Chapter 52: Cover of darkness

i've always wished that the things i do under the cover of darkness would go erased. kind of like the ostrich theory where an ostrich sticks it's head in sand in the hopes that if it doesn't see you, you're not there. likewise, if no one saw it happen, then it didn't.

unless i myself wasn't drunk enough and happened to remember the next morning. or within a few hours when i sobered up. or when i realized that it was still staring me in the face.

i've always lived my life without regrets. this definitely doesn't mean that i haven't made mistakes (i've made plenty, i assure you), but i take the best that i can from each negative experience and try to learn from everything. it is the amalgamation of my experiences that make me who i am, after all.
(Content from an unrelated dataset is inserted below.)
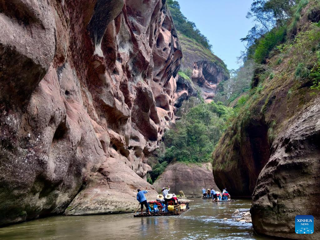 Tourists on bamboo rafts enjoy Danxia landform on the Shangqing stream in Taining County, Sanming City, southeast China's Fujian Province, Aug. 11, 2024. Sanming City has been exploring a new path of development that embraces green transformation to boost rural tourism including forest-based health services and other economic activities. Currently, forests cover 77.12 percent of the total area in the city. (Xinhua/Jiang Kehong)

i recently made an interesting decision under the cover of darkness that i almost instantly regretted. an out of character, reputation ruining, made me want to wake up to a new day decision. and this also turned out to be something that seemed to continue throughout the night, and though it was a really enjoyable night, dawn and reality both smacked me awake the next morning. i was hoping beyond hope that nothing was ruined and whatever happened would stay in that obscure darkness where it happened.


except this decision stuck with me. it was one of those things that i publicly wanted to wish away, but privately hoped wouldn't leave. and it didn't. now i realize that the darkness that i hoped would hide it completely was merely hiding what it really was: an opportunity at true happiness.